A few hours later, you see the ED pharmacist in the cafeteria.  You thank her for helping with the Kcentra® dosing and administration.  She asks how that patient is doing.  You tell her the patient went to the neuro ICU for monitoring, but appeared to be stable during his time in the ED.  She asks you “have you heard of fixed dosing for PCC?”  You say, “I heard about it on FOAMed site, but can’t remember much about it.”  You ask her to give you a quick summary…   


Introduction

Despite the emergence of direct oral anticoagulants (DOAC) in recent years, vitamin K antagonists (VKA) remain popular due to clinician familiarity, superior anticoagulation efficacy for mechanical heart valves, ability to easily monitor efficacy, and availability of reversal agents [1-3].  VKA include warfarin, acenocoumarol, phenprocoumon, dicoumarol, tecarfarin, and fluindione [2].  In the United States, warfarin is the most frequently used VKA and is frequently associated with bleeding complications that require treatment in the emergency department (ED) [3].  Warfarin and other VKA work by inhibiting vitamin K-dependent carboxylation of coagulation factors II, VII, IX, and X [2, 4].  This reduces the activity of these clotting factors and reduces clotting ability [2].  Anticoagulant effects can be measured via the international normalized ratio (INR) and higher INR values reflect reduced ability to form blood clots [2, 3].  Risk of hemorrhage also increases with increasing INR, although patients can develop life-threatening hemorrhages even if INR is within therapeutic range (e.g. 2-3 for atrial fibrillation) [1, 2].

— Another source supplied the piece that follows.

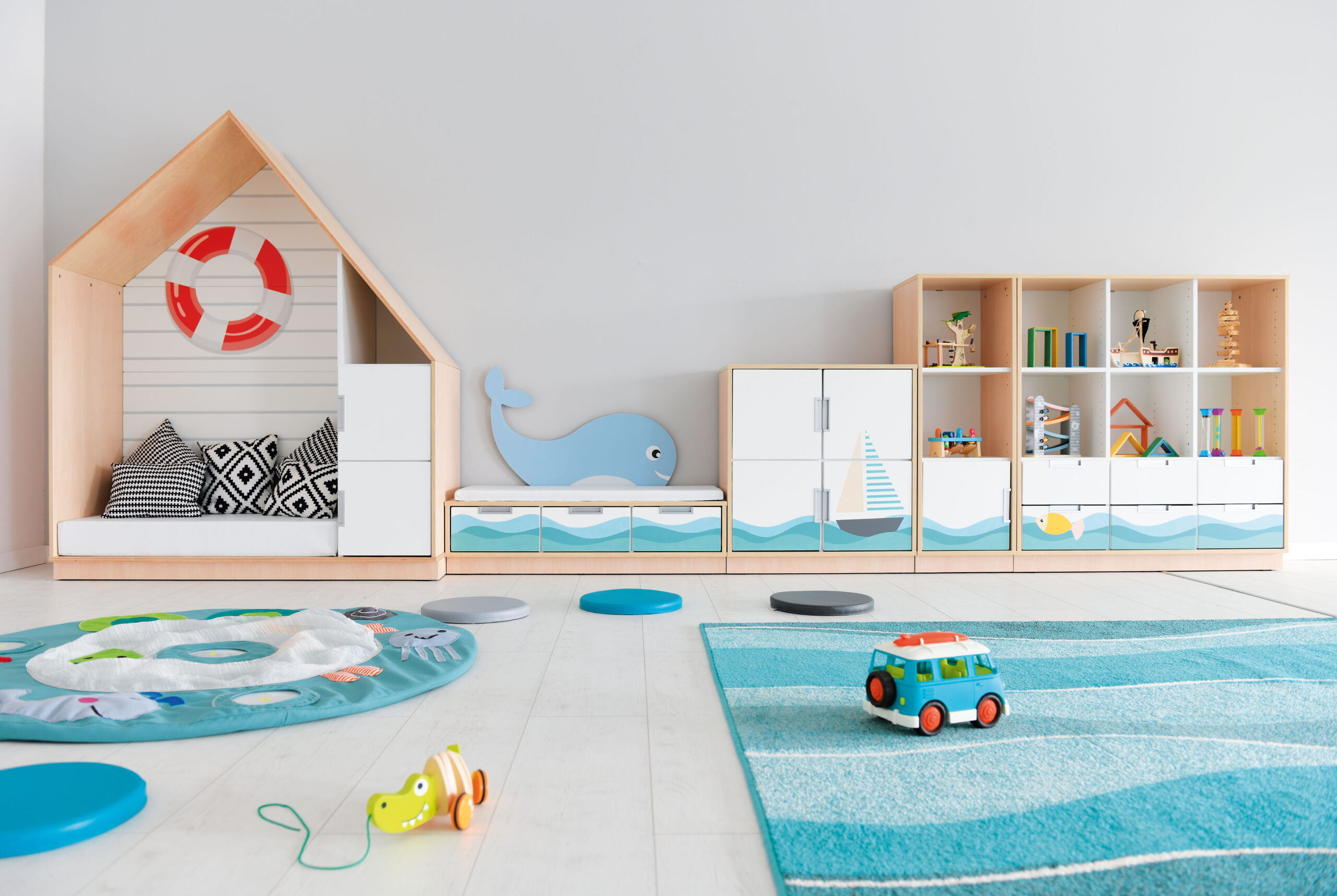 „Quadro“ teminių baldų rinkinius sudaro funkcinės spintelės su unikaliais fasadais, skirtais skirtingoms teminėms sritims uždengti. Spalvingos, vaikams pritaikytos aplikacijos sukuria įkvepiančią, tačiau santūrią aplinką ir skatina žaisti bei mokytis. Baldų komplektą galima užsisakyti tik kaip visumą. Jį galima papildyti daugeliu papildomų elementų iš mūsų asortimento, pavyzdžiui, sienų aplikacijomis, kilimais ar žaidimų zonomis su atitinkama tematika.
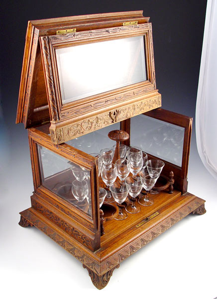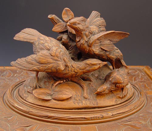 GAME ENHANCED BLACK FOREST CARVED TANTALUS: Carved game birds atop carved tantalus box holding 16 cordial glasses. Beveled glass on all 4 sides. No key. Measures 18 1/2'' high x 16 3/8'' wide x 12 3/4''.

Because warfarin has a half-life that ranges from 20-60 hours, patients with life-threatening hemorrhage require prompt reversal [2].  Vitamin K (phytonadione) provides the substrate required to synthesize coagulation factors inhibited by warfarin and other VKA [1-3].  The main limitation of vitamin K is the delayed onset of action [1-3].  Intravenous doses of 5-10 mg have an onset of 4-6 hours with peak reversal effect at 16-24 hours [1-3].  Due to delayed onset of action, vitamin K must be used in combination with other reversal agents, for example, prothrombin complex concentrates (PCC) [1-3].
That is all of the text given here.